In an Expert Minesweeper game, there is a 30x16 board with 99 mines. In this situation, what is the global probability of the flagged tile being a mine without opening other tiles?

Given that the local probability is 50%, with the 2 possible situations being the situation I posted earlier and this, what are the global probability of the first situation happening, taking into account the entire board? I've seen various ways of calculating global probability for minesweeper but I'm not sure which one is more appropriate/correct.

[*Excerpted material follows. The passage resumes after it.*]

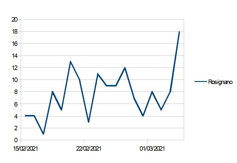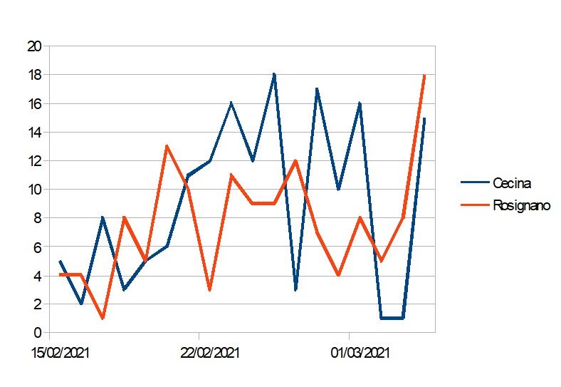 Dal giorno 15 febbraio al 4 marzo si sono registrati un totale di 525 positivi a Livorno; 161 positivi a Cecina; 54 positivi a Collesalvetti; 87 positivi a Piombino; 139 positivi a Rosignano Marittimo;

We know from simple deduction that the tiles marked green are safe, while the tiles marked red can have either one or two mines as shown in the last 2 images.

Answer 1

There are either 97 or 96 mines to distribute on 30*16-15 tiles. The probability that there is only one mine in the red area is then $\frac{{465\choose 97}}{{465\choose 97}+{465\choose 96}}$.

Answer 2

The position has 2 equally likely local solutions using either 2 or 3 bombs. The red cell will be a bomb if the local solution has 2 bombs. There are 30*16-15=465 other tiles where all the other bombs must be distributed. There are (465 choose 97) global solutions where the red cell is a bomb and (465 choose 96) global solutions where it is not a bomb. Since it must be one or the other, this accounts for all global solutions. So the probability that the red cell is a bomb is equal to
(465 choose 97) / ((465 choose 97) + (465 choose 96)) = 0.79185

Answer 3

I feel that neither of the two existing (correct) answers clarifies what seems to be most in need of clarification here, namely, what to count as equiprobable. Every arrangement of the mines that's consistent with the given information is equiprobable. There are $\binom{465}{97}$ such arrangements in which the flagged tile is a mine, since this implies that the two other unknown tiles aren't mines and the remaining $97$ mines can be distributed in $\binom{465}{97}$ different ways over the remaining $465$ tiles. There are a further $\binom{465}{96}$ arrangements in which the flagged tile isn't a mine, since this implies that the two other unknown tiles are mines, and the remaining $96$ mines can be distributed in $\binom{465}{96}$ different ways over the remaining $465$ tiles. This exhausts the arrangements that are consistent with the given information. Since they're all equiprobable, the probability for the flagged tile to be a mine is

$$ \frac{\binom{465}{97}}{\binom{465}{97}+\binom{465}{96}}=\frac{\binom{465}{97}}{\binom{466}{97}}=\frac{369}{466}\approx79.2\%\;. $$